Usually at the library I checkout and return books. Because my grandson is taking art classes at a nearby college for three hours in the afternoons, I go to read and observe.  The same older men show up everyday.  Some, acquaintances or friends, quietly chat. They look scruffy with dirty, stringy hair.  Are they homeless?  Does the library provide an air conditioned refuge?  They read, look at magazines.

One man in a tan Alaska cap takes notes from a large book.  He appears well groomed, clean, with a sculpted, small beard. Another alternates reading and checking his cell phone.  At a separate round oak table a man sits in a dark heavy coat–it said 102 on my car temperature gage when I arrived.  He never looks up, concentrates on the black laptop in front of him. The white earbuds stand out against his heavy dark beard.  His fingernails are dirty.  A white haired man approaches the round table I occupy and asks if he can sit there.  I reply, “Sure.”  His dark skin shows the heavy creases of outside work and age.  His fingernails are clean.
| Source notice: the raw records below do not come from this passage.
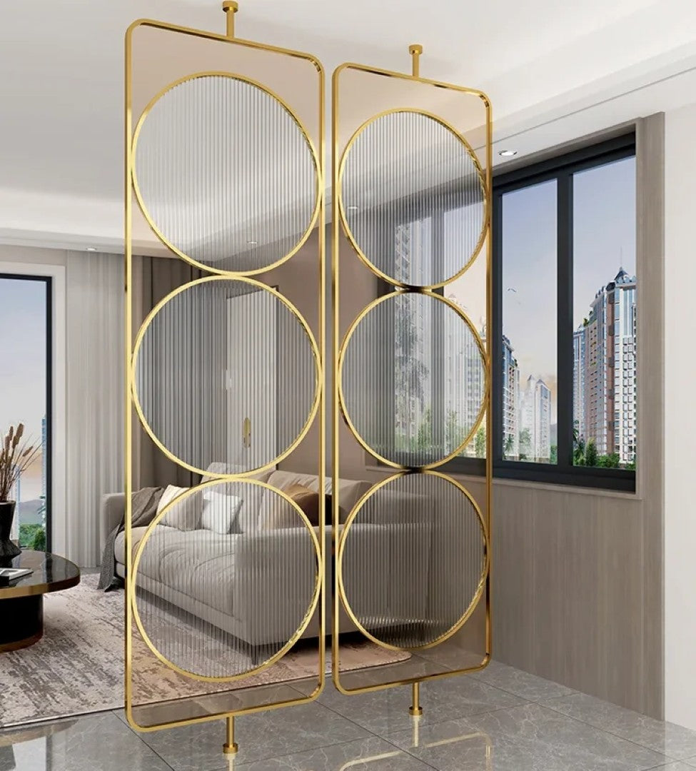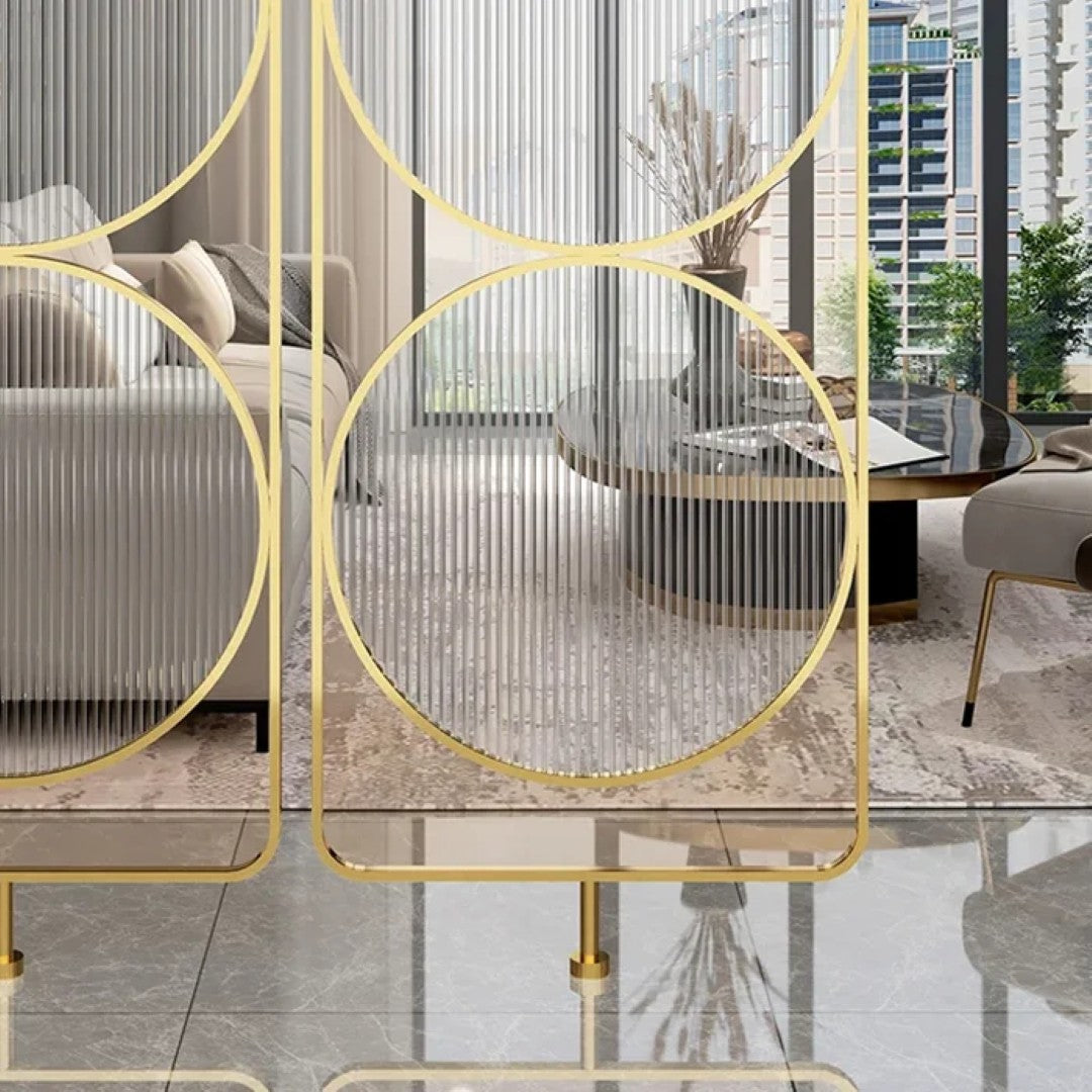 Add a bold artistic statement to your interiors with this luxury golden frame geometric room divider. Featuring four ribbed glass circles encased in a sleek rectangular frame, this partition blends modern design with timeless elegance. Ideal for separating living areas, dining spaces, or entryways, it not only provides functionality but also elevates your home or commercial space with a unique, eye-catching aesthetic.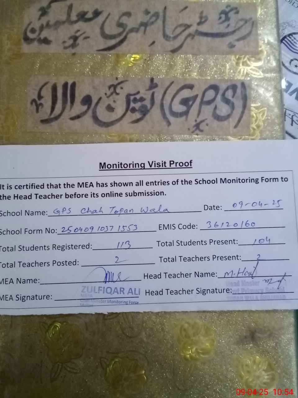 | EMIS Code: 36120160 | Name of School: GPS CHAH TOPAN WALA MUZA NASEER PUR | |||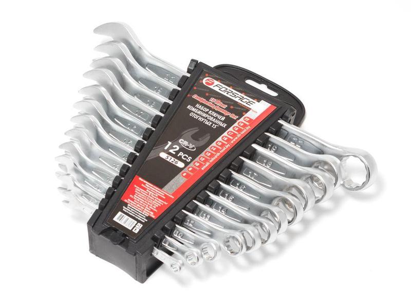 Код товара: 17113, Состав: Набор ключей комбинированных 15грд., 12пр. (6, 8, 10, 12-19, 22мм), в пластиковом держателе Forsage F-5126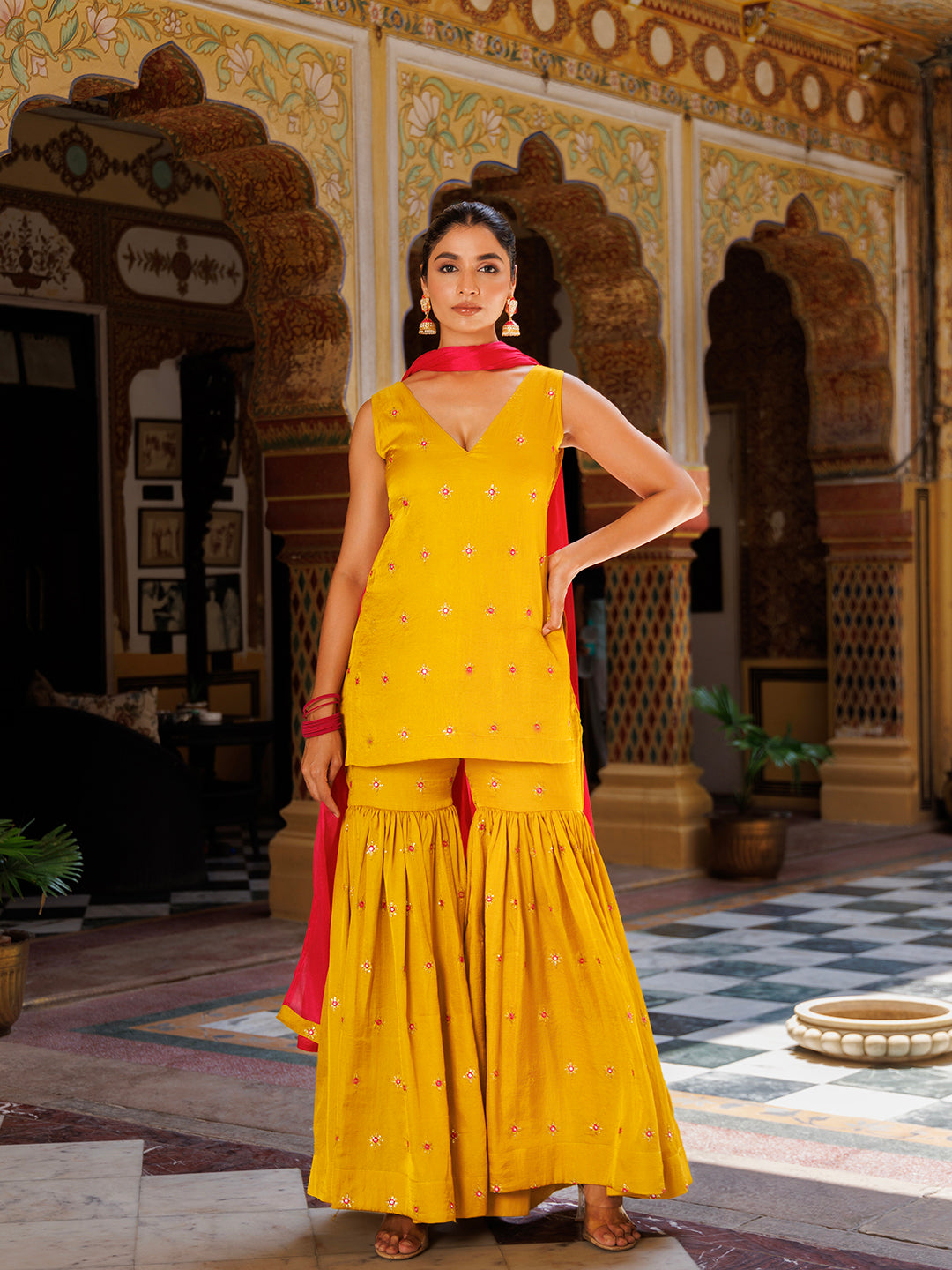 Bumblebee Yellow Pink Embroidered Sharara Set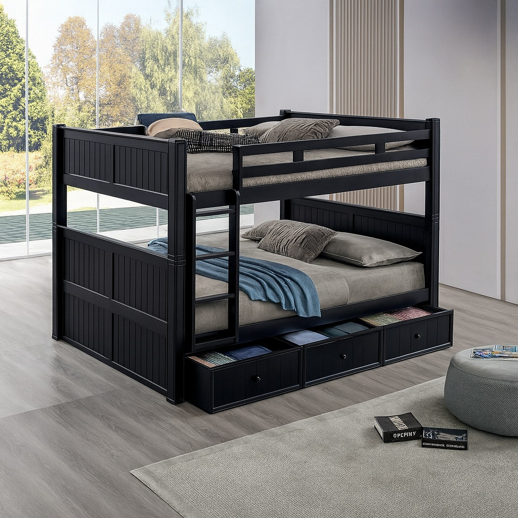 Searched long and hard for a sturdy adult queen over queen bunk bed. This bed is well built. No movement at all from people in top bunk. The navy blue color matches decor perfectly.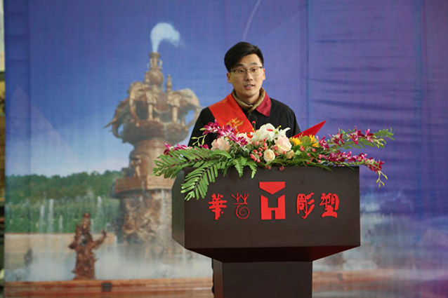 臨朐經(jīng)濟(jì)開發(fā)區(qū)管委會(huì)副主任、臨朐縣城關(guān)街道黨工委委員尹德忠講話,對(duì)公司一年以來(lái)所取得的成績(jī)表示祝賀和充分肯定,要求華藝雕塑團(tuán)隊(duì)進(jìn)一步堅(jiān)定信心,堅(jiān)持創(chuàng)業(yè)精神,加快新舊動(dòng)能轉(zhuǎn)換,蹄疾步穩(wěn)走好每一步,以科學(xué)的態(tài)度推進(jìn)創(chuàng)新發(fā)展,努力做強(qiáng)做大雕塑文化產(chǎn)業(yè),當(dāng)好振興臨朐文化經(jīng)濟(jì)的領(lǐng)頭羊,為全縣文化經(jīng)濟(jì)發(fā)展做出更大的貢獻(xiàn)。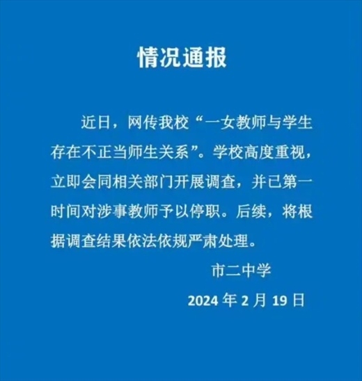 ·上海一高中女教師被舉報出軌16歲學(xué)生,校方通報:涉事教師停職。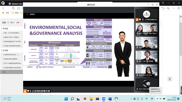 (通讯员 童星、余可)10月22日9:00~16:00,第五届融仕国际杯金融投资分析大赛决赛采取线上网络视频的形式举行,来自湖北省、四川省、广东省、湖南省、浙江省的九所高校团队开展了激烈的角逐。我校童星老师担任指导老师,20级CFA专业余可、张鹏磊、钟鸣、方欣宇和汪芸五位同学组成团队,参加决赛。经过七个小时异常激烈的比拼,我校团队勇夺冠军,张鹏磊同学荣获最佳个人奖。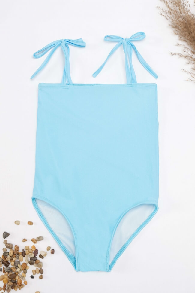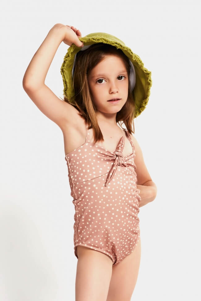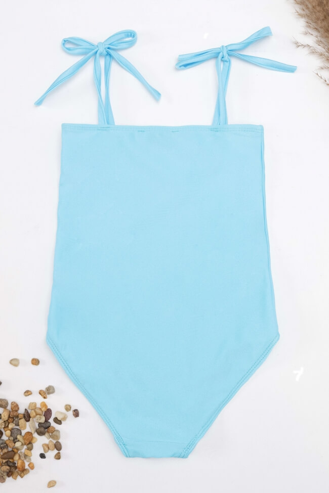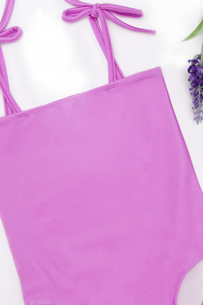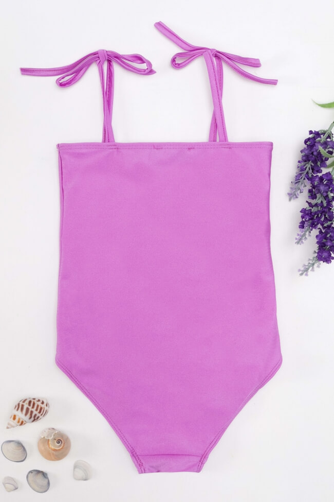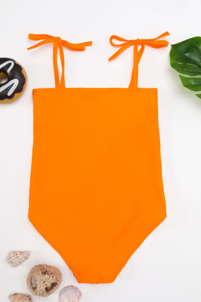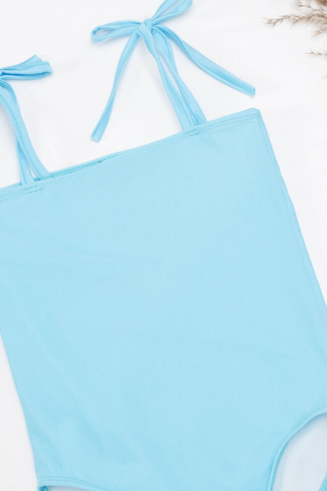 Costum de baie întreg cu bust din material gofrat și cu legare în față

He focuses on filling out an application for a commercial driver’s license.

In the several days I have stayed here to read and wait, I have seen only one woman where they allow adults to sit.  Do these men, day after day, come here because they have no place else to go?

Iris Tough


In spite of less than 3/4 inch rain since last fall and minimal watering from the 400 foot deep well, iris bloom everywhere–even in unamended caliche, a glorious reminder of nature’s resilience.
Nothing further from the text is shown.